A prophecy's a silly thing
to conjure up a hero's fate.
Some shmoe is destined to be king
who was a shepherd boy till late
and lay on hillsides, taking naps
while the dog did all the work --
make him king? What is this crap?
Why give a kingdom to this jerk?
The prophecy! Oh, right, forgive me
for thinking we might want a guy
who at, some passing time, was privy
to something more than "Clouds go by!"
Ever notice all these prophets
always pick unlikely dudes?
Not someone you wouldn't scoff at.
No, it's shepherd boys with 'tudes,
bastards left upon a hillside,
clutching some convenient rag,
are they smart? No.

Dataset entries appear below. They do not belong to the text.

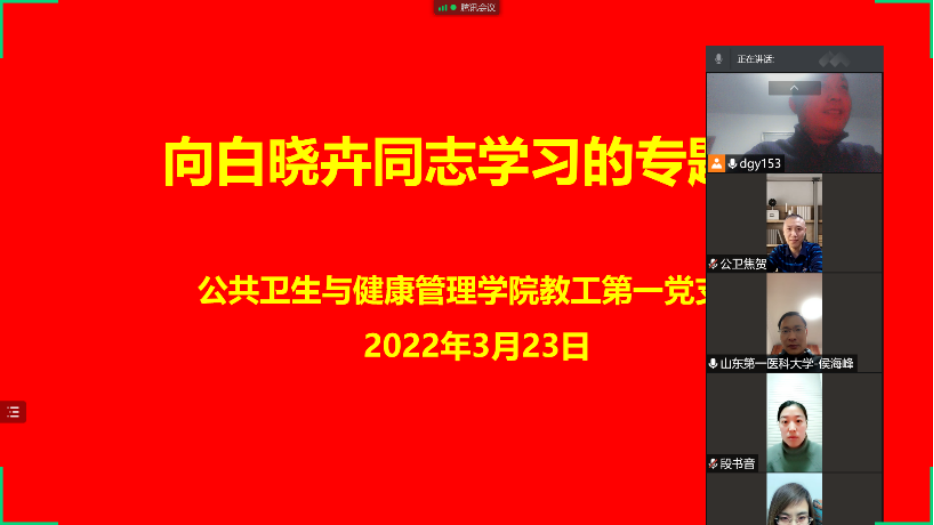 3月23日晚,ladbrokes立博教工第一党支部利用腾讯会议开展向白晓卉同志学习的主题党日活动,活动由党支部书记丁国永主持。
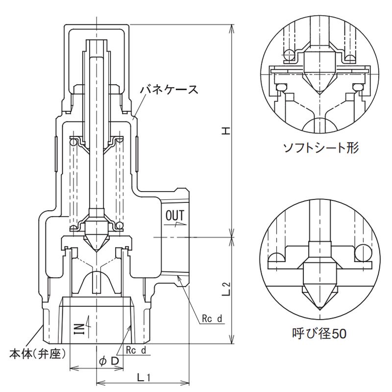 青銅のバネケースと、要部SCS、バネSUSの耐食性に優れた、密閉タイプの安全逃し弁です。
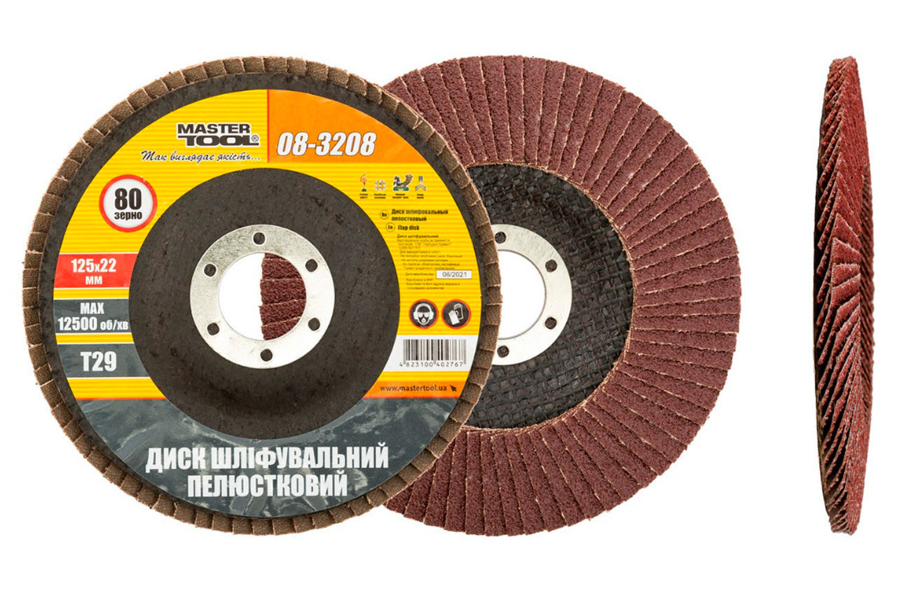Круг лепестковый торцевой Mastertool - 125 мм x Р80 изогнутый
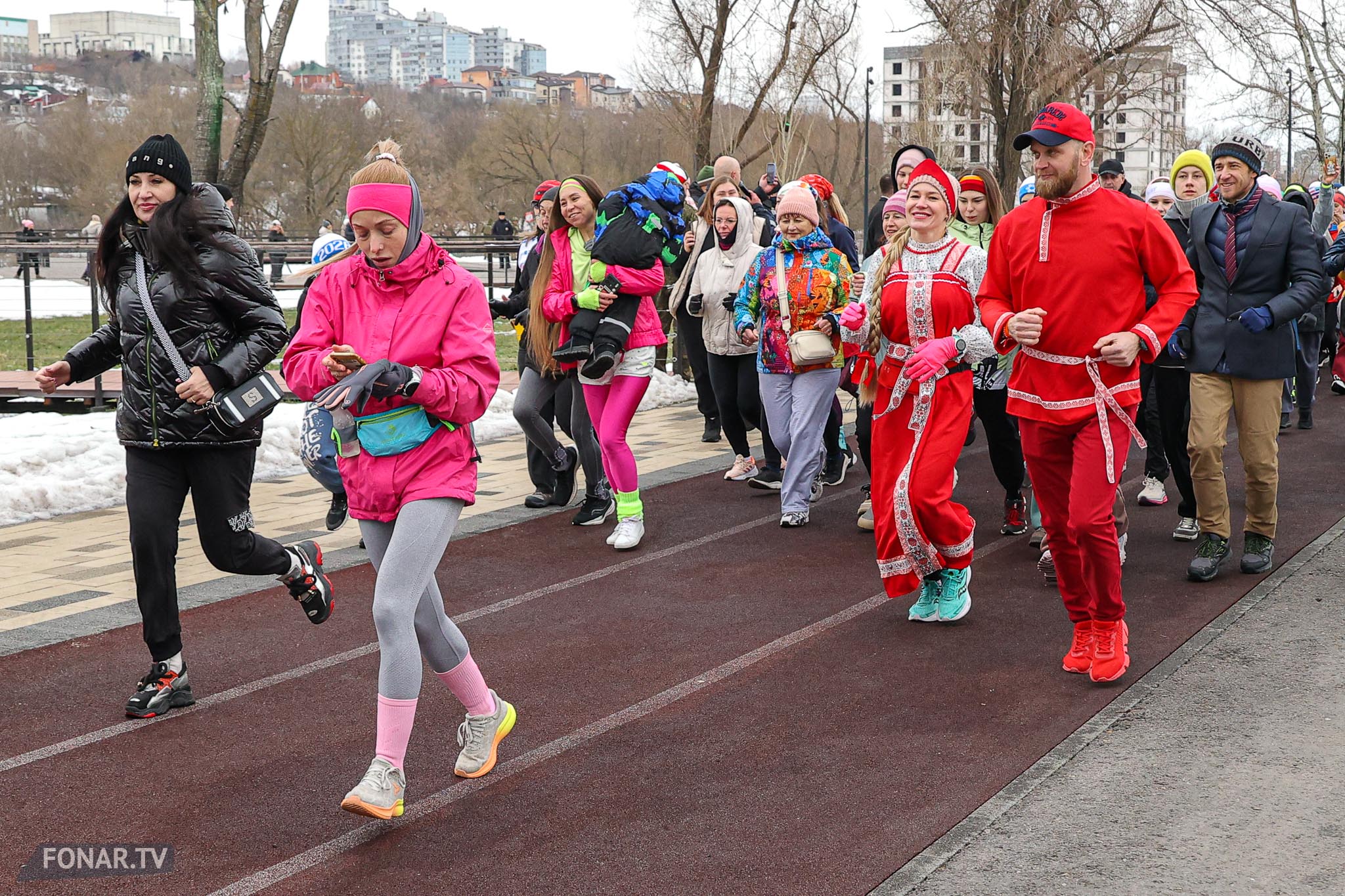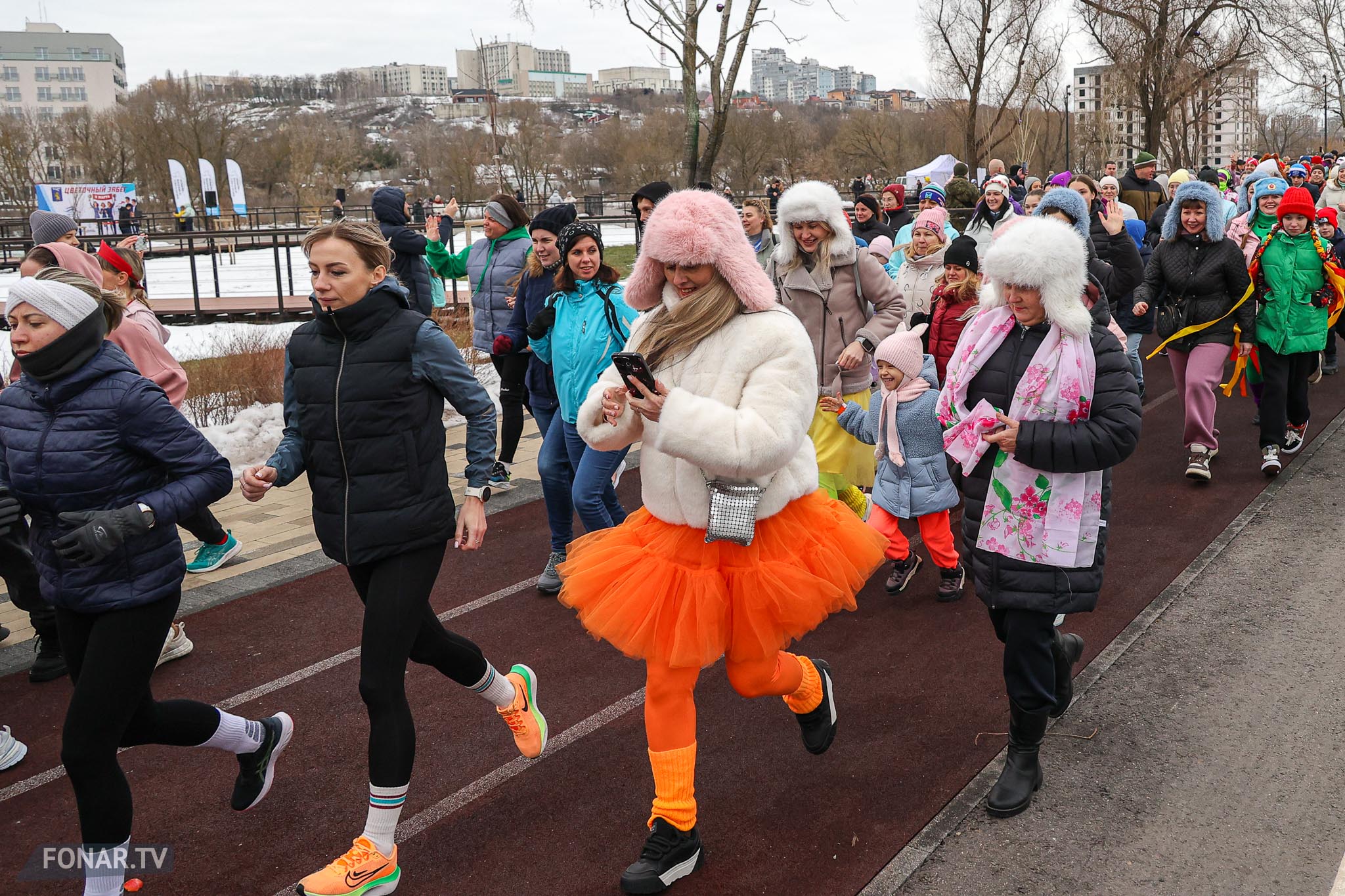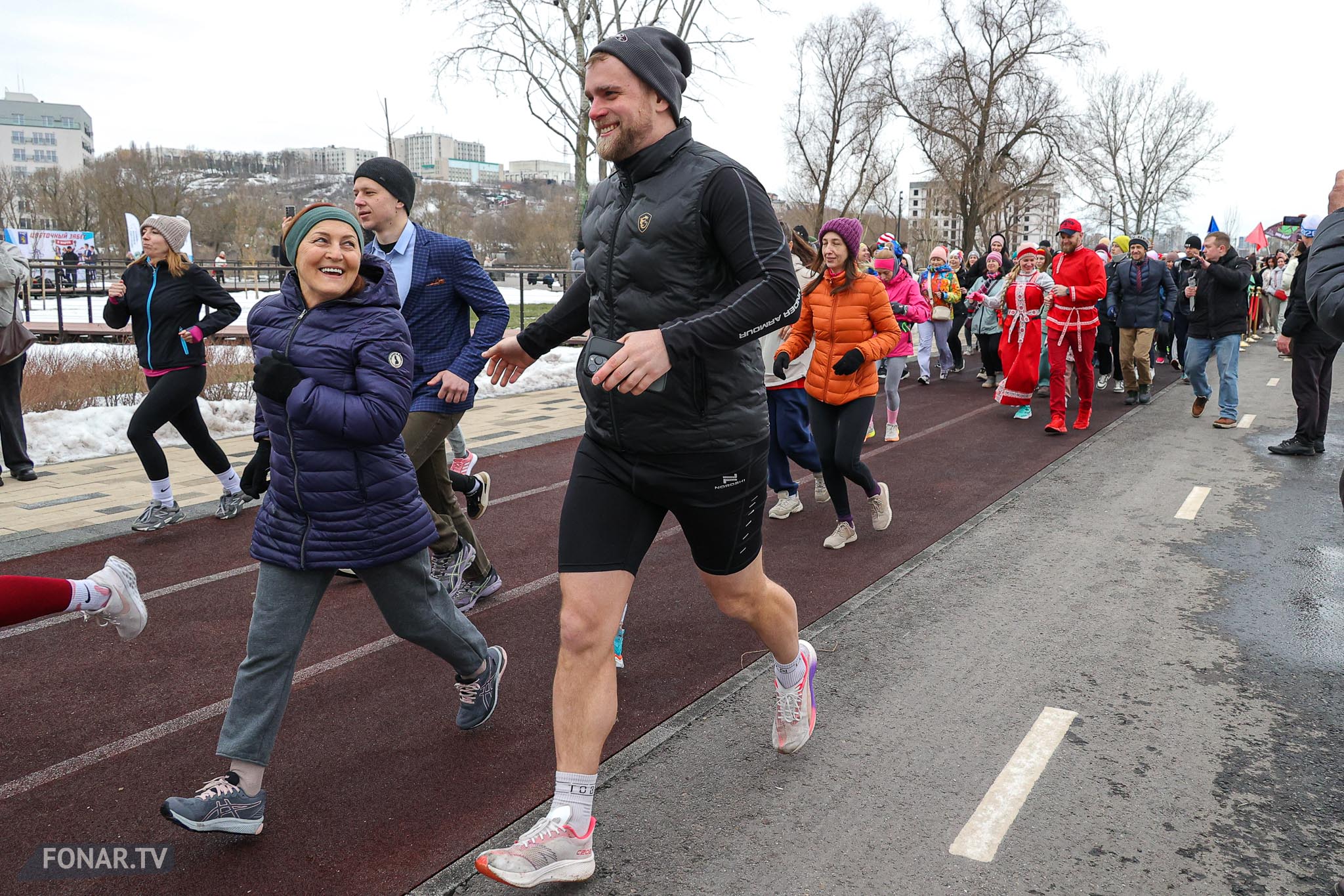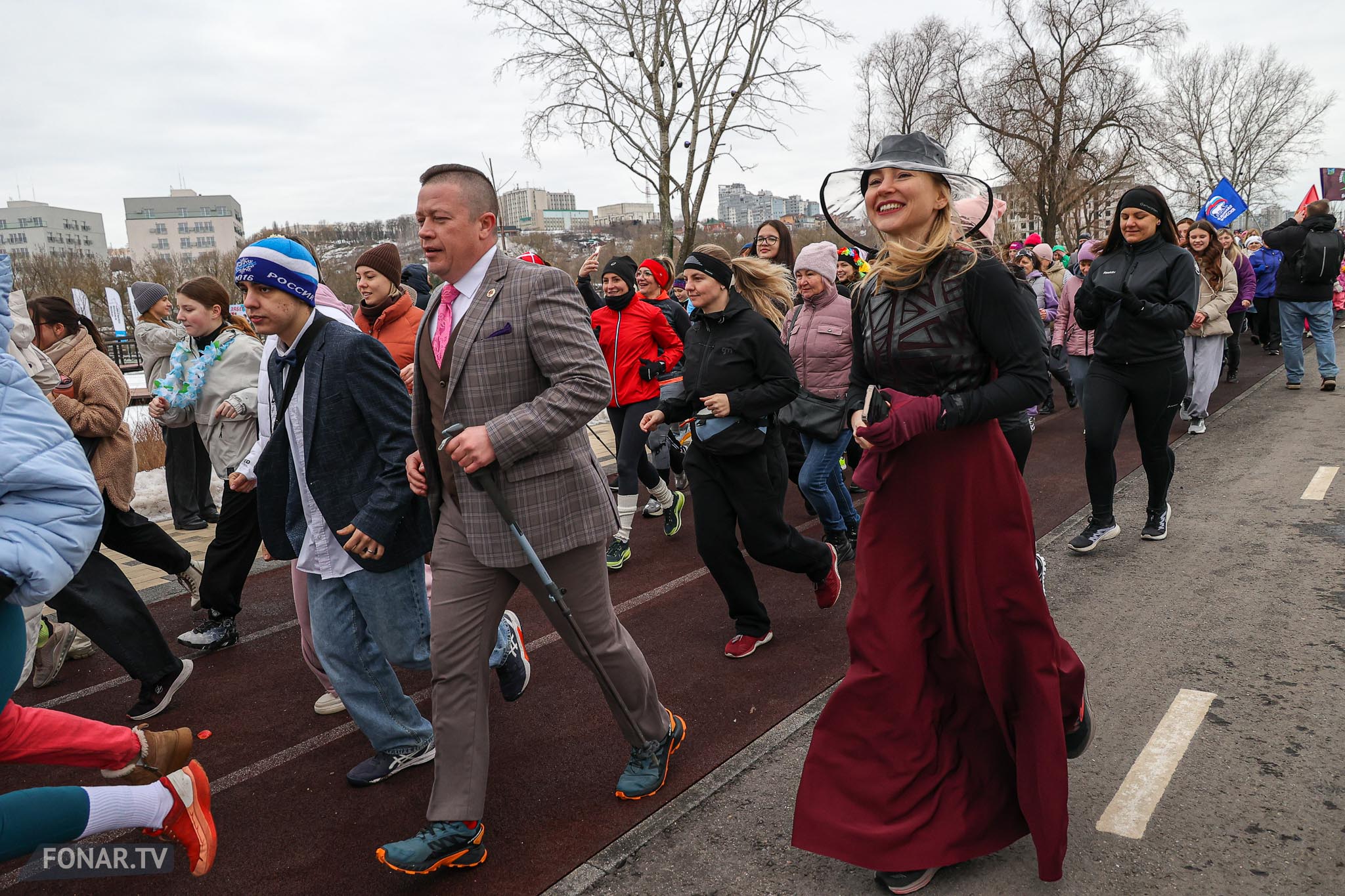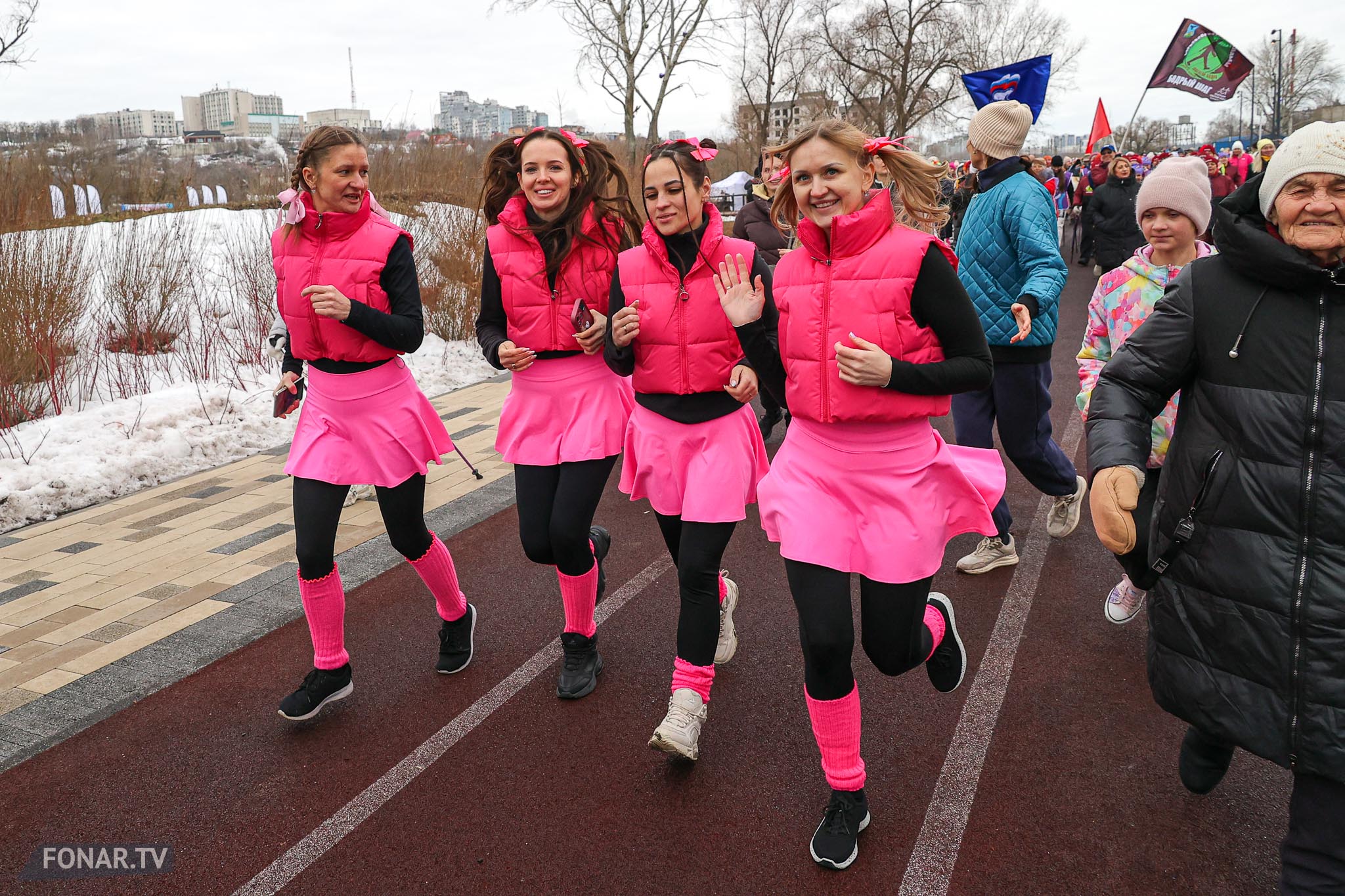 Набережная парка «Берега» на один день превратилась не в спортивную трассу, а в настоящий весенний праздник. В преддверии 8 Марта сотни белгородцев вышли на необычный «цветочный забег»: женщины бежали в платьях, мужчины — в костюмах, а главным результатом стали не секунды на финише, а настроение и улыбки. На дистанции было больше цветов, чем спортивных рекордов — и каждая участница ушла с финиша с медалью и букетом. Показываем, как это было.

They can kill guys.
Well, raise a motherfucking flag!
They get a quest, and promptly head off,
boosted by this prophet shite,
come back again, wave high aloft
some wings plucked from a fairy sprite.
The head of some poor snakey chick,
who was awakened to a fight.
It's revolting. Makes me sick.
And that somehow gives them the right.
Can you imagine some HR guy
telling you, mid-interview,
"There's no doubt you're qualified.
But this guy got the fleece. You're through."
I say, fuck the dude who snagged
the fleece of some molested sheep
he prob'ly buggered as it baa-ed --
I'm telling you, that guy's a creep.